Dans un système on l’on peut remettre en question les nouvelles lois (il faut pour cela réunir 50’000 signatures) ou proposer des modifications de la Constitution (100’000 signatures), les problèmes politiques «font plus facilement surface, s’y dessinent plus clairement et demandent d’être résolus», dit Claude Longchamp. Cela contribue à éviter que le ressentiment sous-jacent couve trop longtemps. En outre, même si la participation est faible, la possibilité de voter souvent donne aux gens l’impression qu’ils ont leur mot à dire, ce qui à la fois stimule et tempère les exigences des populistes.
Laurent Bernhard, de l’Université de Lausanne, explique que le système de gouvernement suisse basé sur le consensus produit un effet modérateur analogue. Il garantit à chacun des grands partis politiques un siège au sein du Conseil fédéral. L’UDC y est d’une certaine manière «cooptée» et en devient plus mesurée et pragmatique.
La droite conservatrice est ainsi un élément à part entière du système politique suisse, ce qui n’est pas le cas dans des pays comme la France où les nationalistes sont maintenus à l’écart par une sorte de «cordon sanitaire». Pendant des années, parler du Front national comme d’un acteur politique légitime était un véritable tabou. Le système suisse de consensus empêche en outre qu’un mouvement – populiste ou non – s’assure d’un pouvoir suffisant pour procéder à des changements radicaux.
C’est pourquoi un glissement à droite vers un libéralisme autoritaire à la hongroise s’avère très improbable. Et c’est aussi pourquoi à gauche les appels populistes en faveur d’un bouleversement économique et d’un retour à la lutte des classes vont à contre-courant.

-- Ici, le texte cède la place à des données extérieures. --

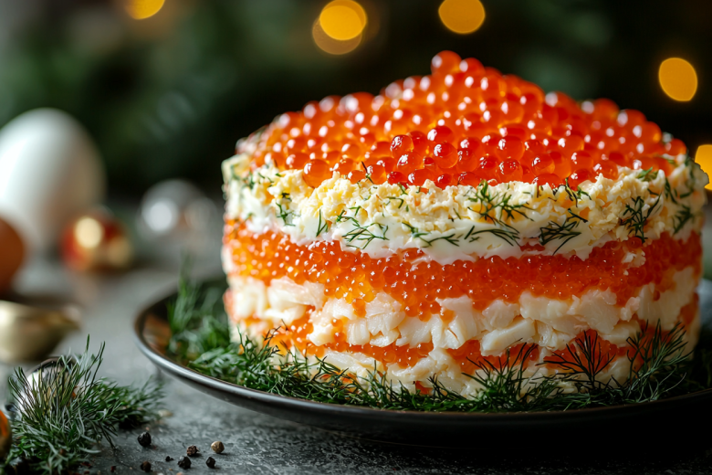 Салат «Жемчужина» с морским коктейлем и икорной шапкой — мой хит к любому празднику: готовится быстро и выглядит роскошно

La présidente sortante de la Jeunesse socialiste suisse (JS Suisse) Tamara Funiciello l’a exprimé en ces termes: «Il n’y aura jamais de révolution en Suisse».
Surtout du bruit
En fait, dans un système présentant de telles contraintes, la jeune politicienne voit plutôt le populisme comme un exercice de communication: un moyen de capter l’attention des médias pour faire passer un message simpliste, qu’il soit ou non populiste sur le fond.
Elle explique que la JS Suisse a pour l’essentiel copié le style de communication de l’UDC après s’être convaincue de son efficacité au cours de la dernière décennie. Les responsables d’Opération Libero sont également des communicateurs adroits lorsqu’ils veulent faire un coup d’éclat médiatique. Et une étude universitaireLien externe relève que même les Verts, qui profitent actuellement des préoccupations de l’électorat, ne sont pas loin de tenir un discours populiste.
Claude Longchamp estime important de surveiller ce «populisme rhétorique» – qu’il caractérise par un nivellement du discours par le bas, des campagnes négatives et agressives et par le souci d’attirer à tout prix l’attention des médias. Il remarque toutefois qu’il est vital de ne pas le confondre avec un populisme plus idéologique qui peut déboucher sur de dangereuses politiques d’exclusion.
Le politologue se montre moins disposé que d’autres chercheurs à considérer l’UDC – elle-même plutôt ambivalente face au terme de populisme – comme un parti purement populiste. Cette formation réunit certes de nombreuses composantes du populisme, mais moins que certaines variantes qui se rencontrent en Europe et proviennent parfois de groupements qui ont un passé fasciste. «L’UDC n’a jamais été une formation d’extrême droite», dit-il.